The Irving Institute encourages all researchers at Columbia University Irving Medical Center (CUIMC) to take advantage of the clinical trials expertise in our group in adaptive clinical trial designs to provide guidance on the following:
- Clinical Trial Design for all phases of drug development
- Adaptive Trial Designs
- Protocol Development
- Clinical Trial Data Management
- Clinical Trial Data Coordination
- Clinical Trial Implementation and Conduct
- Clinical Trial Data Analysis and Manuscript Preparation
The statistical and data management team will collaborate with the investigators to decide on the most appropriate, innovative, and efficient design for the trial, participate in grant applications, protocol developments, data management and analysis plans, as well as, in the implementation, conduct, analysis, and publication of the trials.
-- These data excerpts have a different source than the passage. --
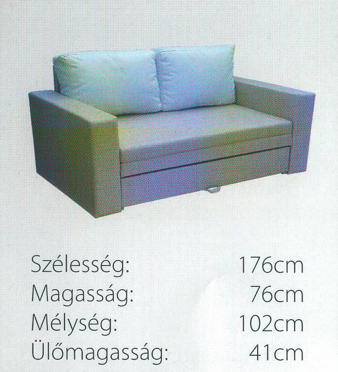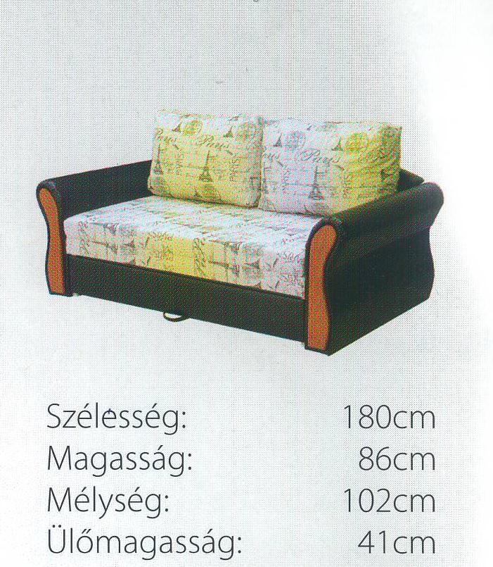 Klasszikus kialakítású, hagyományos nyítású bútor. Főleg ifjúsági bútornak tudjuk ajánlani, illetve nyaralóba, vendégszobába. Kocka, illetve íves karral (fabetéttel rajta) is rendelhető.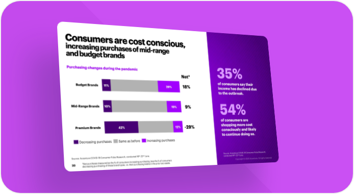 Consumers are cost conscious, increasing purchases of mid-range and budget brands Purchasing changes during the pandemic 35% Net* of consumers say their Budget Brands 11% 29% 18% income has declined due to the outbreak. Mid-Range Brands 10% 19% 9% 54% of consumers are Premium Brands 42% 12% -29% shopping more cost consciously and likely to continue doing so. Decreasing purchases Same as before Increasing purchases th nd Source: Accenture COVID-19 Consumer Pulse Research, conducted 16 -22 June. Source: Accenture COVID-19 Consumer Pulse Research, th nd conducted 16 -22 June. 20 *Net purchases measured as the % of consumers increasing purchasing, less the % of consumers decreasing purchasing of these brand types, vs. their purchasing habits in the prior two weeks.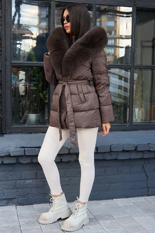 Теплый пуховик приталенный на зиму сшитый из ткани с пухом внутри. Модель выполнена как свободная длинная куртка с воротником и мехом. Застегивается на молнию и кнопки. Длинные рукава завершены тканевыми манжетами с резинками, предотвращая поддувание ветра. Недорогой и качественный пуховик создан для Российских зим и не даст нашим женщинам замерзнуть.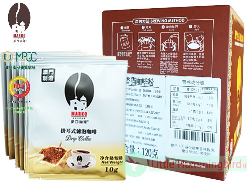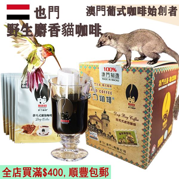 麥口【即叫即炒】葉門 野生麝香貓掛耳咖啡(大盒裝) 10gX12小包 Kopi Luwak Civet Drip Bag Coffee 貓屎咖啡 滴漏掛耳包 歐陸風味 中烘焙 澳門直送 平行進口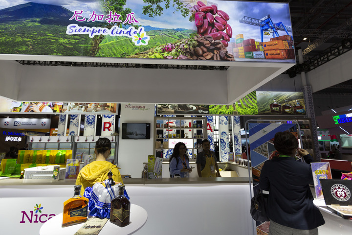 2023年11月6日在第六屆進(jìn)博會國家展拍攝的尼加拉瓜展臺。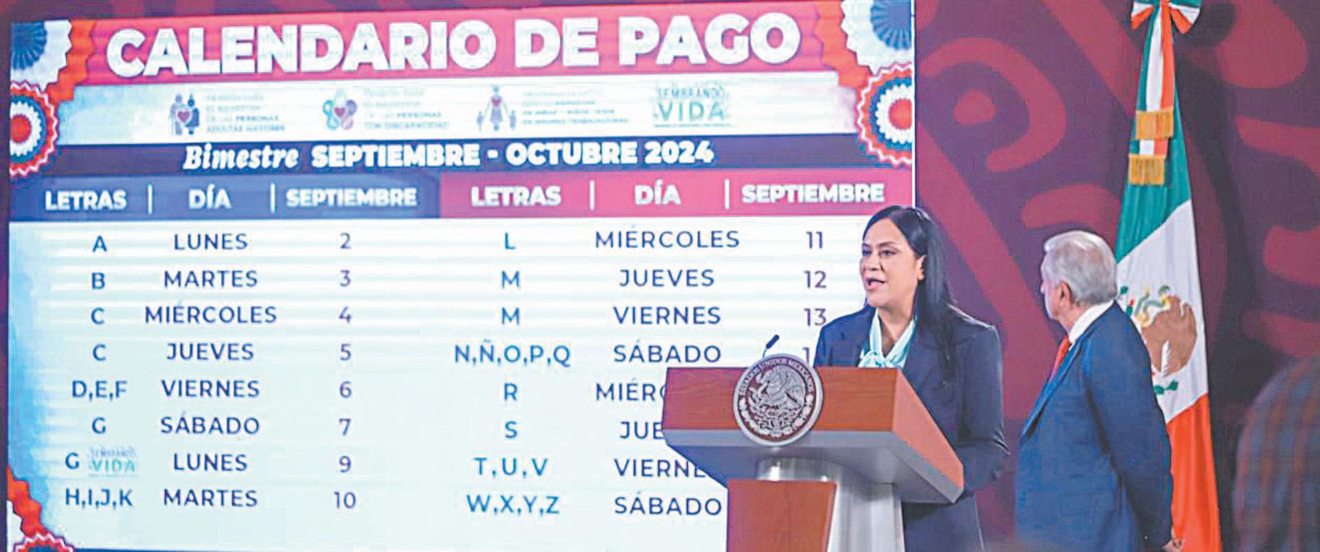 CIUDAD DE MÉXICO.- Al manifestar que fue misión cumplida, Ariadna Montiel Reyes, secretaria de Bienestar, informó que esta semana inició el pago de pensiones y programas del Bienestar, como la Pensión de Adultos Mayores y de Personas con Discapacidad, correspondiente al bimestre septiembre-octubre, del lunes 2 al sábado 21 de septiembre, el cual será el último que se realizará en el Gobierno del presidente Andrés Manuel López Obrador. En conferencia de prensa matutina, la Secretaria detalló que el siguiente pago será en el mes de noviembre, ya bajo el Gobierno de Claudia Sheinbaum Pardo, pues recordó que los programas del Bienestar son un derecho constitucional y continuarán en el próximo sexenio.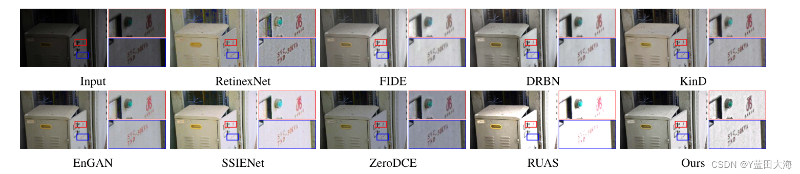 Comparison method . For weak light image enhancement , We will SCI And the four model-based methods proposed recently ( Include LECARM、SDD、STAR)、 Four advanced supervised learning methods ( Include RetinexNet、KinD、FIDE、DRBN) And four unsupervised learning methods ( Include EnGAN、SSIENet、ZeroDCE and RUAS) Made a comparison . For dark face detection , In addition to performing the above network-based enhancement before the detector , We also compare the recently proposed dark face detection methods HLA.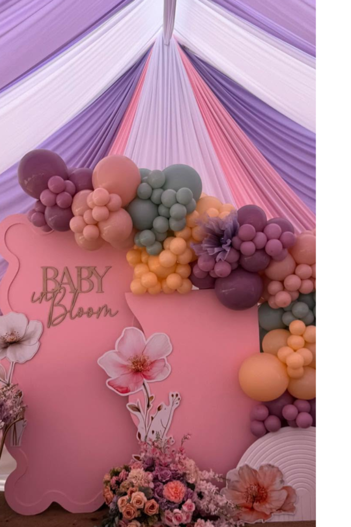 The secret here is layering: fabric for softness, balloons for volume, florals for detail.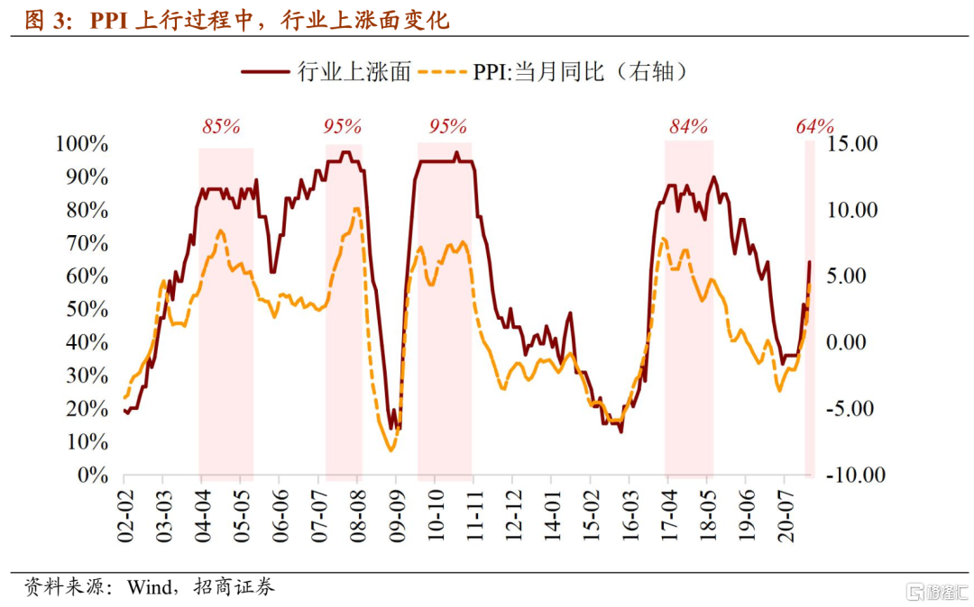 图3-4:PPI行业上涨面仍在扩大过程中,目前为64%,与前四次顶部(85%、95%、95%、84%)相比偏低。随着PPI增速上行,PPI行业上涨面(即PPI正增长的行业数量占比)也会扩大,且二者的不同之处在于,PPI增速的顶部为“尖顶”,即PPI触及高点之后立即回落,而行业上涨面的顶部为“平顶”,即上涨面会在8-9成左右维持1-2年时间。2002年以来,PPI增速的四次顶部分别出现在04年10月、08年8月、10年5月和17年2月,对应行业上涨面顶部均值分别为85%、95%、95%、84%。换言之,当PPI增速的顶部附近,总能看到几乎8-9成的行业价格上涨,接近“全面上涨”局面,否则难言结束。对比之下,截至2021年3月,行业上涨面为64%,距离8-9成仍有一段距离。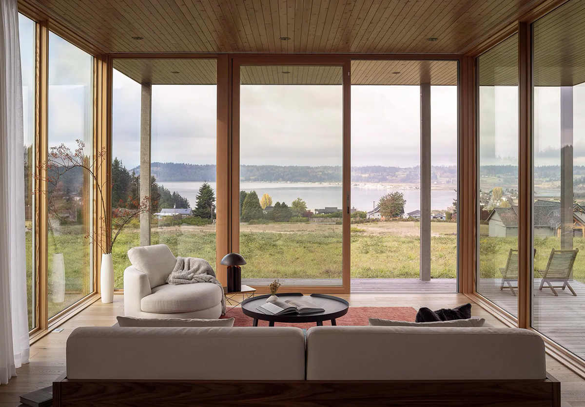 Уютное убежище для отдыха и медитации — этот современный домик на острове Уидби, штат Вашингтон, был создан для того, чтобы семья хозяев могла время от времени сбегать от всех и проводить время наедине с природой. Дом является собой серию одноэтажных прямоугольных блоков со стеклянными и деревянными стенами, связанных между собой коридорными переходам. Он построен на небольших сваях, поэтому кажется, будто строение парит над лугом. А ещё здесь есть целая комната для медитаций. Идеальное местечко для уединения!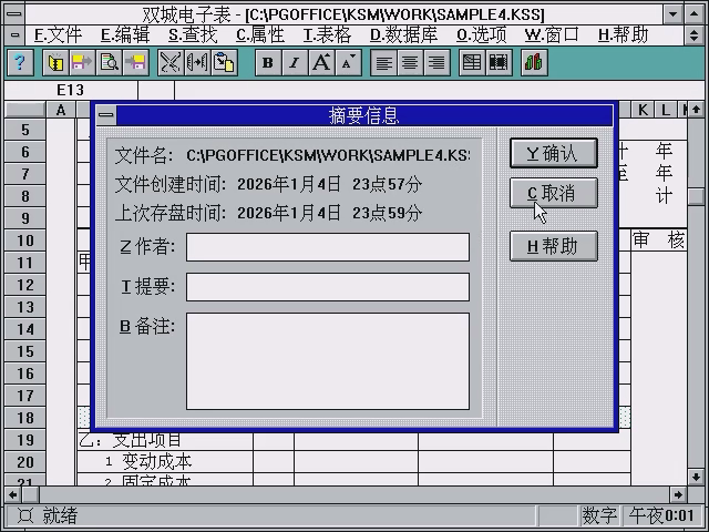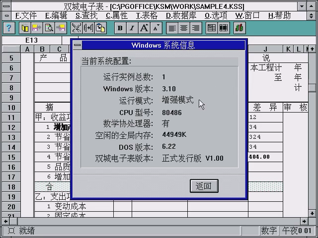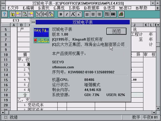 结尾以上就是盘古组件的全部内容了,其实整体看起来,功能还是很多的,尤其是双城电子表,完成度相当高,甚至还支持了所见即所得,唯一差的似乎是不支持多sheet页;但是最有名气的WPS却没有跟上,而且整体名称没有体现出WPS来,这在当时一套定价2000多的软件上有点遗憾。
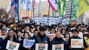 Η συνομοσπονδία κορεατικών συνδικάτων, η οποία μετρά όχι λιγότερα από 1,2 εκατ. μέλη, χαρακτήρισε «παράλογο και αντιδημοκρατικό μέτρο» την κίνηση που αποπειράθηκε ο κ. Γιουν, προσθέτοντας πως με αυτήν «υπέγραψε το τέλος» της εξουσίας του.

Starting in March 2020, we are also providing consultations for COVID-19 research.
The Clinical Trial Design and Innovation resources are available to all faculty and officers of CUIMC. Students are not eligible for this service.
When to Request This Service
We encourage researchers to submit a request as early as possible and at least eight weeks before a grant is due.
- Initial consultations and limited follow-up are free of charge.
- With our consulting to collaboration model it is expected that the statistical and data management team will be included as collaborators on any grant applications as determined by the team.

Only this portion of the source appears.